This knowledge article may contain information that does not apply to version 21.05 or later which runs in a container environment. Please refer to
Article Number 000385088 for more information about troubleshooting BMC products in containers.
Legacy ID:KA372871
Note: This article applies for versions 8.x and lower since AR Server is C based.
For versions higher than 8.x please check the following article below:
Remedy - Server - How the NumberOfConnections are getting established by the ARAdmin user in the database?
The arserver product is multithreaded and each thread creates and maintains a dedicated database login.

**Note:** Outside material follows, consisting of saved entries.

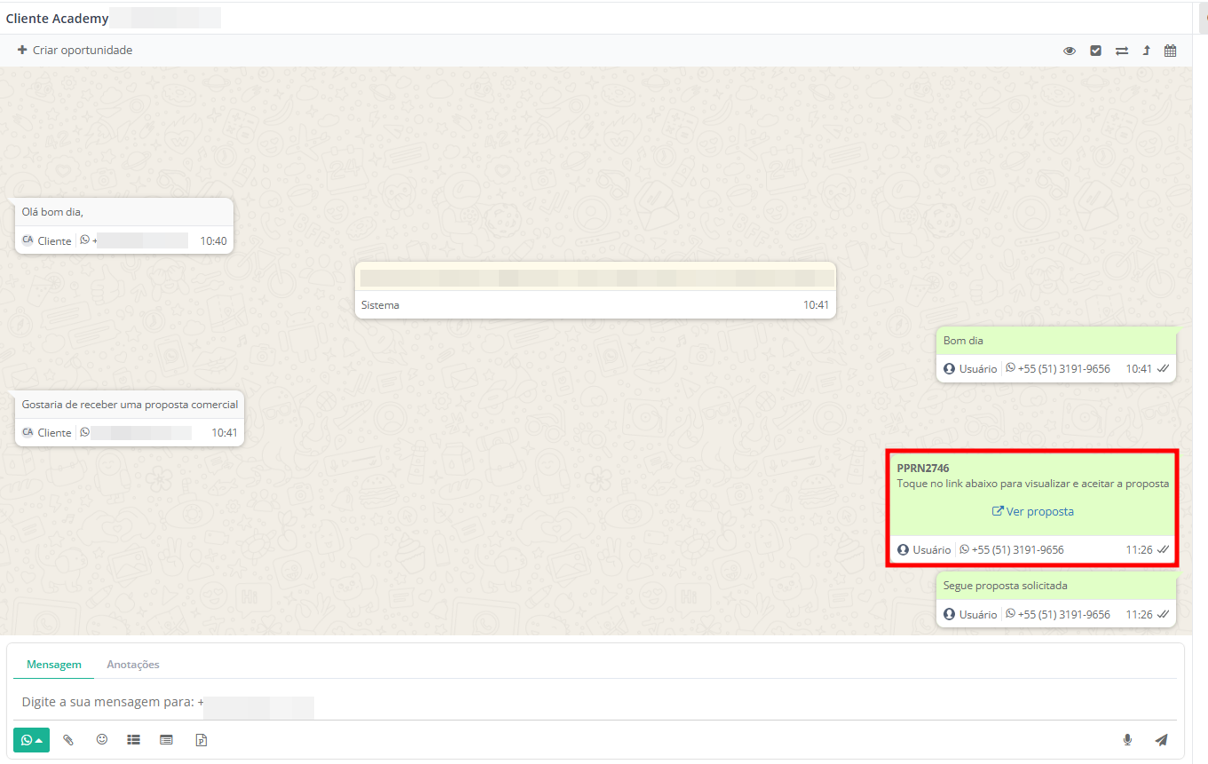 8. Selecionado a opção "Adicionar na mensagem", a proposta será enviada como uma mensagem um botão para o cliente clicar e ver a proposta.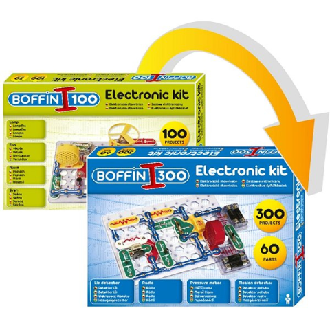 Építőjáték - elektronikus, 60 darabos készlet, anyaga műanyag, ajánlott 8 éves kortól, világító, hangeffektek, 100 projekt építéséhez, az összes funkció használatához 4 db AA elem szükséges A Boffin 100 elektronikus építőkészlet 60 alkatrészt tartalmaz, amelyekből olyan projekteket építhetsz, mint a Hazugságvizsgáló, Rádió, Vízriasztó, Nyomásmérő, Mozgásérzékelő, Ellenállásmérő, Hanghull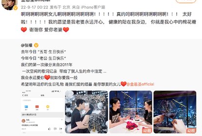 小五金恩圣的生日,老婆张檬卡点为他庆生,并发文:“去年今日五...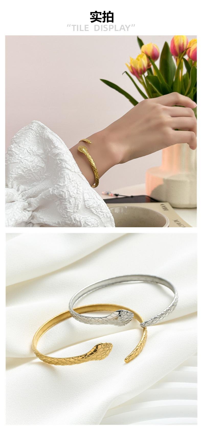 Pulsera Europea y Americana Simple en Forma de Serpiente de Acero de Titanio Personalizada Moda Transfronteriza Retro Nicho Acero Inoxidable Pulsera Abierta para Mujer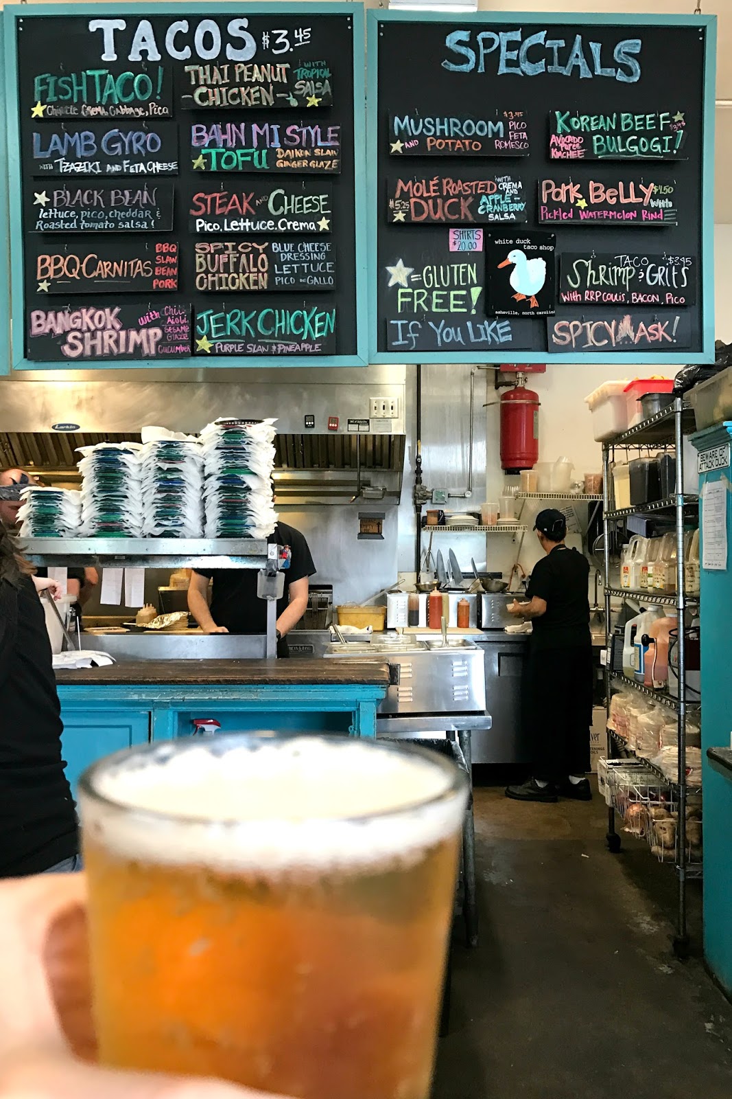 Most of our Asheville trips together have been spent in a tent, cabin or inexpensive hotels, so this was definitely our version of glamping. After dropping off our bags we ubered to lunch at White Duck Taco Shop.
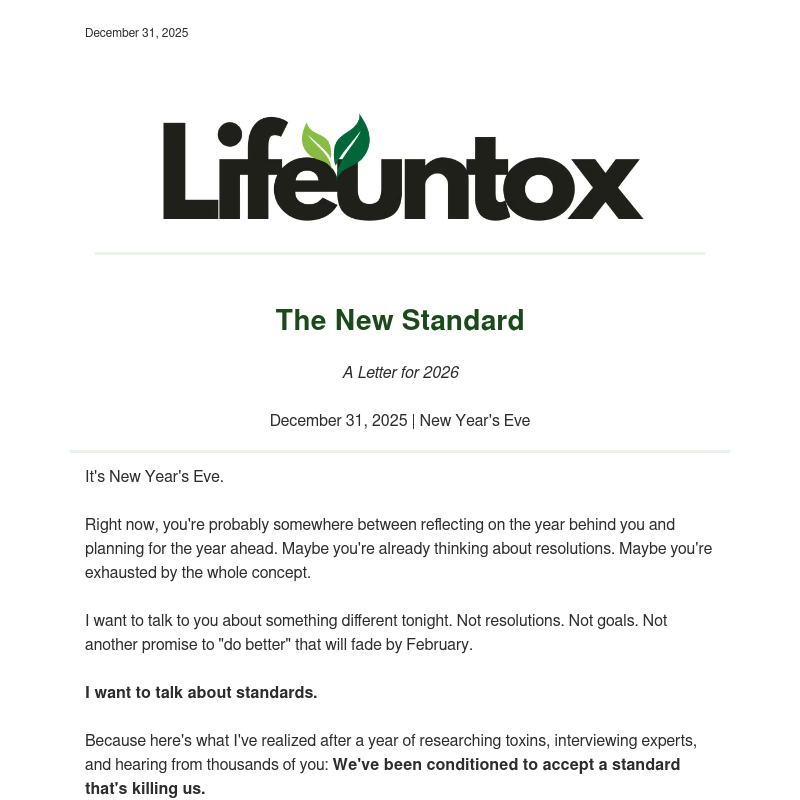 Because here's what I've realized after a year of researching toxins, interviewing experts, and hearing from thousands of you: We've been conditioned to accept a standard that's killing us. |

So ARAdmin is a default schema owner of AR System tablespace in the database.
If for example AR System opens 20 threads with the database then you will see roughly 20 connections created by ARAdmin user with database separately.

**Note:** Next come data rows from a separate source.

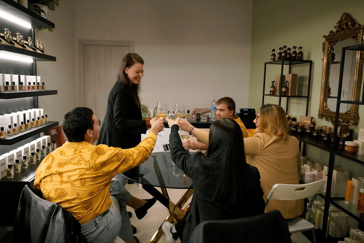 Credendo fermamente nel potere benefico della condivisione, ogni settimana si tiene un incontro tematico di gruppo in cui Jasmine guida i partecipanti in un percorso alla scoperta dei profumi: illustra inizialmente le materie prime e le componenti per la formulazione di una fragranza, dopodiché aiuta a riconoscere e distinguere le note differenti in una stessa famiglia olfattiva di profumi. Non si tratta di una lezione, ma di un vero e proprio momento in intimità di discussione e compartecipazione.
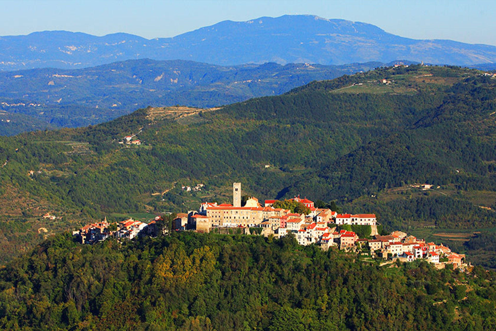 Nestled in the heart of the Istrian peninsula is Motovun, one of the region’s most enchanting towns. Perched a top a hill, it offers breathtaking views of the Mirna River Valley, endless vineyards, and the famed Motovun forest, rich with prized white truffles. With its oval layout, this charming town features well-preserved medieval city walls and towers, a grand city palace and lodge, and the parish church of St. Stephen. As you wander through its steep streets and squares, you’ll be transported back through the centuries to the Middle Ages, the Renaissance, and the Baroque era. Many of Motovun’s buildings and palaces are adorned with stone crests, marking the ownership of various noble families.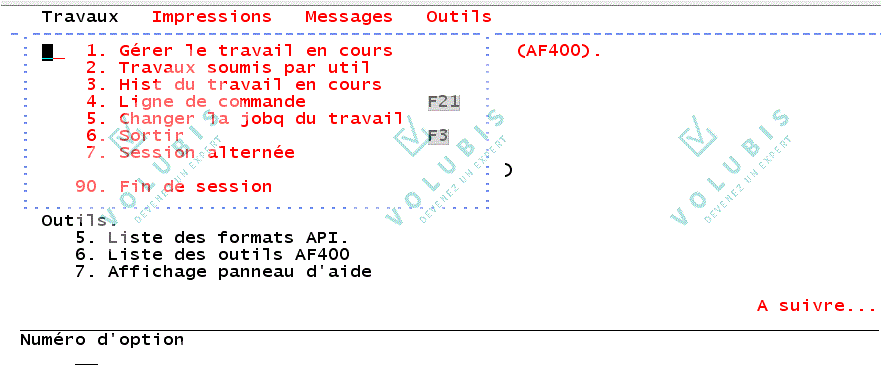 :EHELP. .* ------------------------------------------------------------------ * .* Option 90 $AID90 * .* -------------------------------------------------------------------* :HELP NAME='option90'.Option90 - aide :XH3.Option 90 :P. Cette option vous permet de quitter le système et de revenir sur l' écran d'ouverture. :EHELP. .* ------------------------------------------------------------------ * .* Aides barre d'action * .* -------------------------------------------------------------------* :HELP NAME='MENUBAR/TRAVAUX'.Travaux - aide :XH3.Travaux :P. Cette barre d'option vous permet de gérer vos travaux. :EHELP.   :HELP NAME='MENUBAR/TRAVAIL'.Gérer votre travail - aide :XH3.Gérer votre travail :P. Cette option permet de gérer les attributs du travail en cours :EHELP. :HELP NAME='MENUBAR/SOUMIS'.Gérer les travaux soumis - aide :XH3.Gérer les travaux soumis :P. Cette option permet de gérer les travaux lancer en batch par votre profil utilisateur :EHELP. :HELP NAME='MENUBAR/HISTORIQUE'.Historique du travail - aide :XH3.Historique du travail :P. Cette option permet d'afficher l'historique du travail en cours, si vous désirez sauvegarder cet historique sorter par l'option 90 et remplacer *NOLIST Par *LIST. :EHELP. :HELP NAME='MENUBAR/JOBQ'.Changer de jobq - aide :XH3.Changer de jobq :P. Cette option permet de changer la jobq du travail en cours les travaux que vous allez soumettre seront placés dans cette file. :EHELP. :HELP NAME='MENUBAR/SECJOB'.Changer de session - aide |

Since we have 1=1 relationship, each database connection is opened when the thread starts and will not be closed until the thread terminates -- usually when the remedy application process is shutdown.

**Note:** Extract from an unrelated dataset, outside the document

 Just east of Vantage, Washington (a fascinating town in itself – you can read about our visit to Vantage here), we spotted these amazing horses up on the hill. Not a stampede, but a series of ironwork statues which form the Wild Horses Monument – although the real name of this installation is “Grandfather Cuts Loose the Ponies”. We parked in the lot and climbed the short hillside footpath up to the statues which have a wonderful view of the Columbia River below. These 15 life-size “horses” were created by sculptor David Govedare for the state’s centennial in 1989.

AR System does not use SQL Server connection pooling and arserver does not generates keepalives directly, this would be something done by the database client software:
Remedy cannot hold the connections if they are closed from database or somewhere in network.
As mentioned above AR System opens the connection to the database via the client software. The connection would only be closed if thread dies or our application service is shutdown.
There is no way to keep connection open with database even it is already closed by database.
Whenever there is closure in connection or the Database refuses more connections then we will get a timeout or database not available error message .
AR System does not manage connections with the database. When Remedy service stops then we expect that all connections should be closed by database automatically.
So having said this:
- Arserver starts, AR System makes a request to the database client software.
- Then sends a request to database server on Remedy Server's behalf and it returns back via the same channel.
- It opens number of SQL connections and keep them alive.
- When arserver needs to retrieve data from the Database, it will grab one of the connections (threads) and use it.
- If any thread is not being used by the Remedy application then that thread connection is kept in idle state in the database until any activity is triggered by same thread, then Remedy re-uses the connection.
- Whereas AR System does not open or close connections so frequently unless there is any failure in connection (like a Remedy thread dies on its own or there is a connectivity problem between Remedy and the Database server ).
- If any error is returned due to database connection or of any kind then related error will be displayed in remedy error logs. In other word we just trap the errors in arerror.log and not generating them.
Example:
Note: assuming ARAdmin is the Database user:
SQL> select sid, spid from v$session s, v$process p where s.paddr = p.addr and s.username like 'AR%';
SID SPID
---------- ------------
142 4023
151 4153
132 4167
135 4174
140 4176
131 4183
153 4185
138 4187
145 4189
139 4192
128 4194
SID SPID
---------- ------------
143 4202
136 4204
134 4208
133 4212
127 6729
129 8707
- 17 rows selected. Which means 17 connections (sessions) to the database by the ARAdmin user.
The correlation with ar.conf/ar.cfg can be found by checking in the AR Server side.
[root@vm-rlnx-rds562 conf]# grep RPC- ar.conf
Plugin-Loopback-RPC-Socket: 390626
Private-RPC-Socket: 390601 1 1
Private-RPC-Socket: 390603 1 1
Private-RPC-Socket: 390620 2 6
Private-RPC-Socket: 390626 2 2
Private-RPC-Socket: 390635 2 3
Explanation:
390600 - Admin thread 1 connection
390601 - Alert thread 1 connection
390603 - Escalation thread - 1 connection
390620 - Fast queue thread - 6 connection
390635 - List queue thread - 3 connection
390626 - Plugin Loopback socket - 2 connection
There will be 3 or 4 other threads to handle background processes.
1+1+1+6+3+2+3 = 17 connections made to database via the ARAdmin user.
Note: there are chances that you may see more or less threads depending on your firewall configuration/network configuration etc.
The actual connection made from AR Server to the database is done as a user called ARAdmin that exists within the database.
This is the case regardless of how many users are logged in through Remedy clients to the AR Server.